Visualize and evaluate rank evolution across retrieval steps - rankflow plots, retrieval metrics, and pipeline comparison for RAG.

These details have not been verified by PyPI

Project links

Project description

RankFlow

See exactly how each document moves through your retrieval pipeline -- and measure whether re-ranking actually helps.

RankFlow visualizes and evaluates rank evolution across retrieval and re-ranking steps in RAG pipelines. Instead of staring at log files, you get a clear picture of what each pipeline stage does to your search results.

RankFlow

Why RankFlow?

Your re-ranker might be making things worse -- RankFlow shows per-step metrics (NDCG, MRR, Precision, Recall, MAP) so you know exactly which stage helps and which hurts.
You can't optimize what you can't see -- rank evolution plots reveal how documents shuffle between stages, which ones get dropped, and where relevant results fall off.
Evaluating one query isn't enough -- BatchRankFlow aggregates across hundreds of queries with dashboards, win/loss analysis, and automatic failure detection.
Hybrid search is a black box -- MergeRankFlow models branching pipelines (BM25 + vector search), showing overlap between branches and whether they're complementary or redundant.
Experiment tracking shouldn't require MLflow -- save, load, and statistically compare retrieval experiments with a file-based store. No database, no infra.

Quick Start

pip install rankflow

import numpy as np
from rankflow import RankFlow

rf = RankFlow(
    ranks=np.array([[3, 0, 5, 1, 2], [1, 2, 4, 0, 3], [0, 3, 6, 1, 2]]),
    step_labels=["BM25", "Semantic", "Cross-Encoder"],
    chunk_labels=["doc_a", "doc_b", "doc_c", "doc_d", "doc_e"],
    relevant_chunks=["doc_a", "doc_c"],  # ground truth
    show_metrics=True,
)
rf.plot()

Relevant documents are highlighted, irrelevant ones fade out, and retrieval metrics are annotated at each step.

More examples

Density mode (100+ docs)	Batch evaluation dashboard	Hybrid pipeline (MergeRankFlow)

Features

Visualization

Feature	Description
Rank evolution plot	Line plot showing how each document's rank changes across pipeline stages
Density mode	Percentile bands for 100+ documents with focus lines for top-K and relevant docs
Interactive Plotly	Hover tooltips with document name, rank, score, and delta
A/B comparison	Side-by-side rendering of two pipelines
Source provenance	Distinct markers/colors for text vs. vector vs. hybrid results
NaN handling	Dashed lines for documents that appear or disappear between steps

Evaluation

Feature	Description
Per-step metrics	Precision@K, Recall@K, MRR, NDCG@K, MAP computed at every pipeline stage
Graded relevance	Numeric relevance grades with colormap visualization
Rank deltas	Annotate rank changes between consecutive steps
Per-chunk summary	Initial/final rank, max gain, max loss, total displacement
Top-K filtering	Focus on top-K documents (modes: `any`, `initial`, `final`)

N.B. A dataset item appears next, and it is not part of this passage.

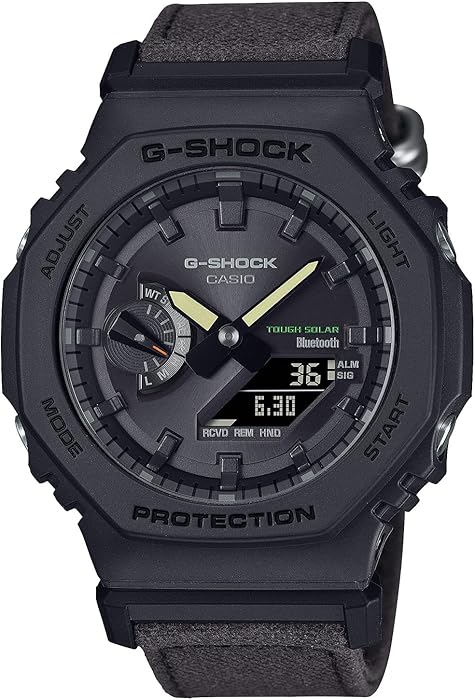 Discover the future of sustainable elegance with the G-SHOCK Men's Tough Solar Bluetooth Watch, featuring a unique Food Textile Band and components made from biomass plastic. Manufactured by Casio, this watch not only delivers exceptional durability and style but also reflects a commitment to environmental responsibility. Since its inception in 1983, the G-SHOCK brand has been synonymous with toughness, and this model marks a significant leap toward eco-friendly innovation.

Multi-Query Batch Evaluation

Feature	Description
Aggregated metrics	Mean/std across all queries per step
Metrics dashboard	Box plots for all metrics in a single figure
Win/loss/tie analysis	Count queries that improved or degraded at each transition
Difficulty segmentation	Group queries by difficulty, compare metric evolution per bucket
Improvement heatmap	Queries x transitions matrix colored by metric delta
Failure detection	Automatically find queries where the pipeline made results worse

Hybrid Pipelines

Feature	Description
DAG pipeline model	`MergeRankFlow` for branching/merging pipelines (BM25 + vector + RRF)
Overlap analysis	Shared vs. exclusive documents at merge points
Rank correlation	Spearman rho between branches -- are they complementary or redundant?
Branch visualization	Distinct line styles per source branch with legend

Experiment Tracking

Feature	Description
Experiment registry	`ExperimentStore` saves/loads experiments as JSON files -- no database needed
Pipeline config	Attach `pipeline_config` dicts to `RankFlow`, preserved through export/import
Experiment comparison	`compare_experiments()` with config diff, per-metric deltas, paired t-test p-values
Win/loss/tie	Count queries that improved, degraded, or stayed the same
Regression detection	Identify specific queries where the challenger is worse
Web UI	Interactive Streamlit dashboard for browsing and comparing experiments

Ecosystem Integration

Format	Import	Export
TREC run/qrels	`RankFlow.from_trec_run()`	`rf.to_trec_run()`
RankFlow JSON	`RankFlow.from_rankflow_json()`	`rf.to_rankflow_json()`
ranx	`RankFlow.from_ranx()`	`rf.to_ranx_run()`
RAGAS	`RankFlow.from_ragas()`	--
pandas	`RankFlow(df=df)`	`rf.to_dataframe()`
dict / JSON	--	`rf.to_dict()` / `rf.to_json()`

Examples

Metrics at every step

rf = RankFlow(
    ranks=ranks,
    step_labels=["BM25", "Semantic", "Cross-Encoder"],
    chunk_labels=chunk_labels,
    relevant_chunks=["doc_a", "doc_c"],
    relevance_grades={"doc_a": 3, "doc_c": 1},
)

for step, m in zip(rf.step_labels, rf.metrics(k=5)):
    print(f"{step}: NDCG@5={m['ndcg_at_k']:.3f}  MRR={m['mrr']:.3f}")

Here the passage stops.